--- Provided data Enclosed Below ---

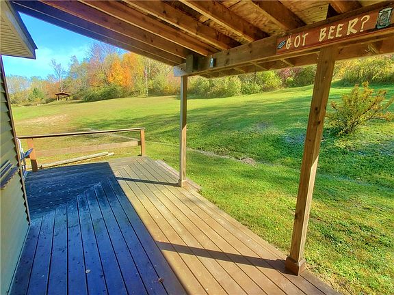 IT IS FOR SALE: UNTIL ITS SOLD. Don't wait, come see this property today. All season countryside views let you enjoy the summer months & the fall foliage just south of Prattsburgh. Take a look at this year round possible camp on 71 acres. GETAWAY to peace & quiet! No neighboring homes visible from the deck. TONS of road frontage on a town maintained gravel road, plowed in the winter months. Recreationalist, hunters, second home, camp, primary residence ... whatever your plans, this can work for you. Panoramic picturesque hillside views from the home. Get those summer get togethers going at the pondside picnic pavilion. Empire Fiber Optic high speed internet & ADT security system is on & active. Working wood stove keeps you cozy. 2 entry level bedrooms with 2 more possible on the 2nd floor. Bordered by NYS State lands on 2 sides: THOUSANDS of acres of NYS accessible lands here for hunting & recreation. The NYS lands on the North & East sides ensures your protected privacy. Insulated home with thermopane windows, vinyl siding,well & septic. The 28'x36' polebarn provides plenty of equipment storage. 2 storage sheds. Trails throughout the woods. Over 2500 ft of road frontage.
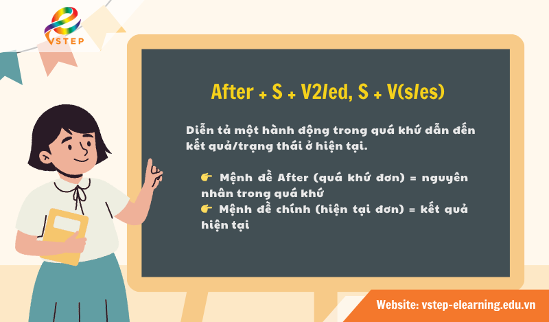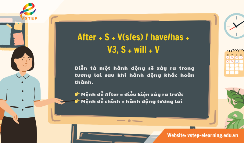 Nhiều người học tiếng Anh thường thắc mắc không biết sau After dùng thì gì vì cấu trúc ngữ pháp khá nhiều cách chia thì. Trong bài viết này, cùng VSTEP E-Learning tìm hiểu định nghĩa của After, các cấu trúc After phổ biến để có thể sử dụng cấu trúc này một cách chính xác và tự nhiên nhất nhé!
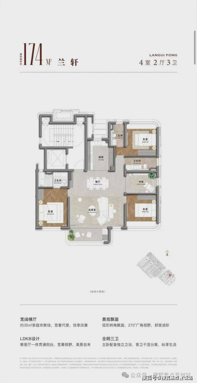 洋房户型:建面约 89-180 平方米,主力户型为 3 室 2 厅 2 卫或 4 室 2 厅 2 卫,户型方正通透,三开间朝南,LDKB 一体化空间设计。
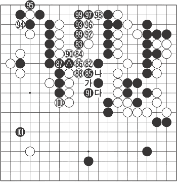 85°¡ ÁÁÀº ÀÀ¼ö. ÀÌ µÚ 90±îÁö´Â °ÅÀÇ ÇÊ¿¬Àε¥ 91ÀÇ º¸°ÀÌ »À¾ÆÇÁ´Ù. ¼Õ »©¸é ¹é ¡®°¡¡¯, Èæ ¡®³ª¡¯, ¹é ¡®´Ù¡¯ÀÇ ¼ö´ÜÀÌ ³²´Â °Í. ¹éÀÌ ¼±¼ö¸¦ Àâ¾Æ 100ÀÇ µÎÅÍ¿î °÷À» Â÷ÁöÇØ¼± ÇÑ ¼û µ¹·ÈÁö¸¸ ÈæÀÇ ¿ì¼¼°¡ ¹«³ÊÁø °Ç ¾Æ´Ï´Ù. 101·Î ÀüÀåÀº ÁÂÇϱͷΠ¿Å°Ü°£´Ù.
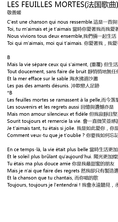 | Les feuilles mortes se ramassent à la pelle,而今落葉成堆 | |
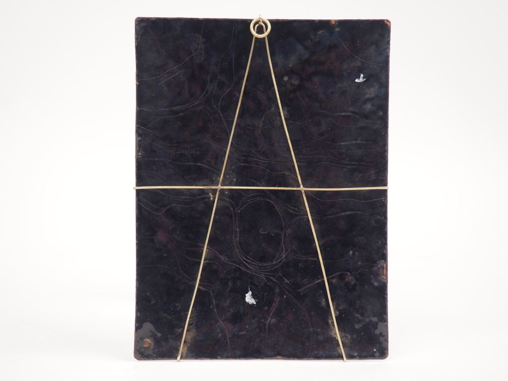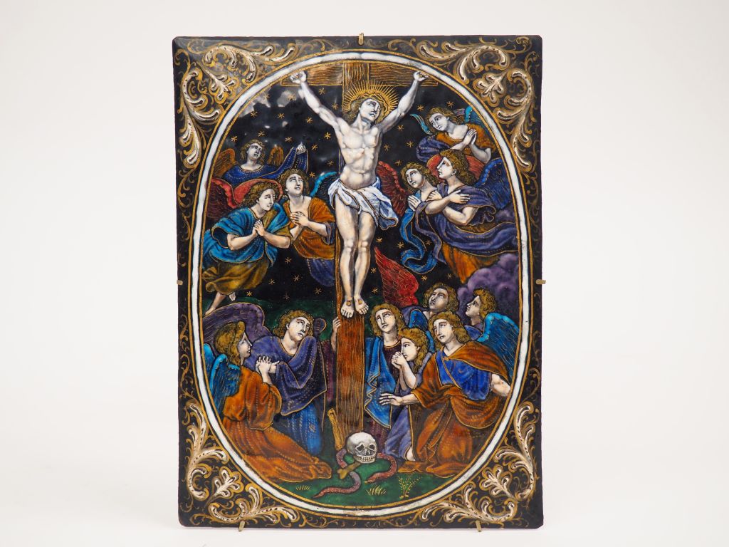 Plaque en émail peint polychrome avec rehauts d’or représentant la Crucifixion dans un médaillon ovale cantonné de rinceaux, contre-email noir. XIXème siècle dans le style des émaux de Limoges Hauteur : 21,5 cm – Largeur : 16 cm Expert : Laurence Fligny
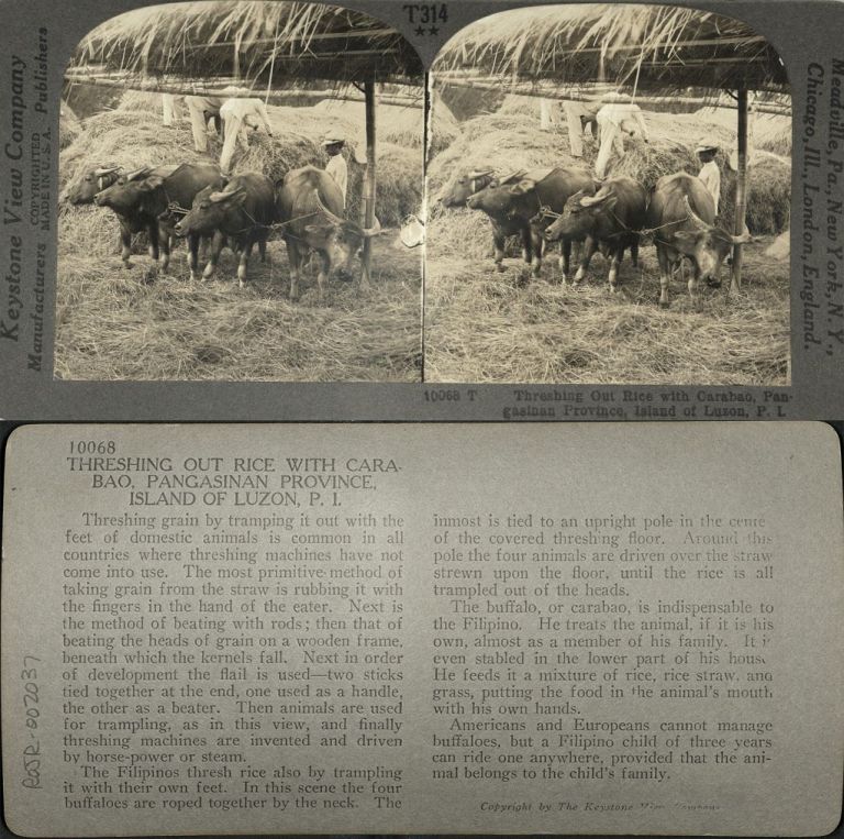 Keystone #K10068-I. Filipino farmers use 4 carabao to trample rice stalks to remove, or "thresh out," the grains.
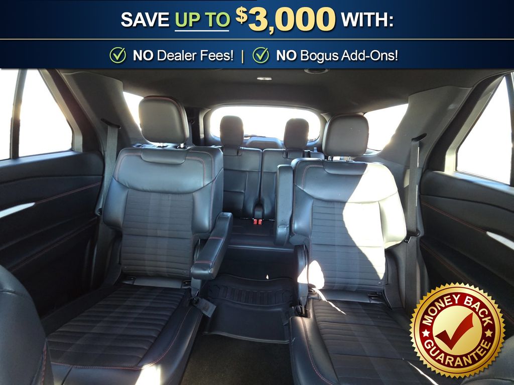 4WD, 10 Speakers, 2nd Row Captain's Chairs w/E-Z Entry & Armrest, 3.58 Non-Limited Slip Rear Axle, 3rd row seats: bench, 4-Wheel Disc Brakes, ABS brakes, Air Conditioning, Alloy wheels, AM/FM radio: SiriusXM with 360L, Apple CarPlay/Android Auto, Auto High-beam Headlights, Automatic temperature control, Brake assist, Bumpers: body-color, Compass, Delay-off headlights, Driver door bin, Driver vanity mirror, Dual front impact airbags, Dual front side impact airbags, Electronic Stability Control, Emergency communication system: 911 Assist, Equipment Group 300A Standard Package, Exterior Parking Camera Rear, Four wheel independent suspension, Front anti-roll bar, Front Bucket Seats, Front Center Armrest, Front dual zone A/C, Front fog lights, Front License Plate Bracket, Front reading lights, Fully automatic headlights, Garage door transmitter, Heated door mirrors, Heated front seats, Heated steering wheel, Heated Unique Cloth Captain's Chairs, Illuminated entry, Internet access capable: FordPass Connect 5G, Knee airbag, Leather steering wheel, Low tire pressure warning, Navigation System, Occupant sensing airbag, Outside temperature display, Overhead airbag, Overhead console, Panic alarm, Passenger door bin, Passenger vanity mirror, Power door mirrors, Power driver seat, Power Liftgate, Power passenger seat, Power steering, Power windows, Radio: B&O Sound System by Bang & Olufsen, Rear air conditioning, Rear anti-roll bar, Rear reading lights, Rear window defroster, Rear window wiper, Remote keyless entry, Security system, Speed control, Speed-sensing steering, Speed-Sensitive Wipers, Split folding rear seat, Spoiler, Steering wheel mounted audio controls, Tachometer, Telescoping steering wheel, Tilt steering wheel, Traction control, Trip computer, Variably intermittent wipers, Wheels: 20" Ebony-Painted Machined Aluminum, 4WD. 2025 Ford Explorer ST-Line

--- End of Enclosed Provided data ---

# Task item
Print, exactly, each line above from the one with "Nhiều người học" to the one with "Keystone #K10068-I. Filipino", end lines included. Leave pictures out of it.

# Answer to this exercise
 Nhiều người học tiếng Anh thường thắc mắc không biết sau After dùng thì gì vì cấu trúc ngữ pháp khá nhiều cách chia thì. Trong bài viết này, cùng VSTEP E-Learning tìm hiểu định nghĩa của After, các cấu trúc After phổ biến để có thể sử dụng cấu trúc này một cách chính xác và tự nhiên nhất nhé!
 洋房户型:建面约 89-180 平方米,主力户型为 3 室 2 厅 2 卫或 4 室 2 厅 2 卫,户型方正通透,三开间朝南,LDKB 一体化空间设计。
 85°¡ ÁÁÀº ÀÀ¼ö. ÀÌ µÚ 90±îÁö´Â °ÅÀÇ ÇÊ¿¬Àε¥ 91ÀÇ º¸°ÀÌ »À¾ÆÇÁ´Ù. ¼Õ »©¸é ¹é ¡®°¡¡¯, Èæ ¡®³ª¡¯, ¹é ¡®´Ù¡¯ÀÇ ¼ö´ÜÀÌ ³²´Â °Í. ¹éÀÌ ¼±¼ö¸¦ Àâ¾Æ 100ÀÇ µÎÅÍ¿î °÷À» Â÷ÁöÇØ¼± ÇÑ ¼û µ¹·ÈÁö¸¸ ÈæÀÇ ¿ì¼¼°¡ ¹«³ÊÁø °Ç ¾Æ´Ï´Ù. 101·Î ÀüÀåÀº ÁÂÇϱͷΠ¿Å°Ü°£´Ù.
 | Les feuilles mortes se ramassent à la pelle,而今落葉成堆 | |
 Plaque en émail peint polychrome avec rehauts d’or représentant la Crucifixion dans un médaillon ovale cantonné de rinceaux, contre-email noir. XIXème siècle dans le style des émaux de Limoges Hauteur : 21,5 cm – Largeur : 16 cm Expert : Laurence Fligny
 Keystone #K10068-I. Filipino farmers use 4 carabao to trample rice stalks to remove, or "thresh out," the grains.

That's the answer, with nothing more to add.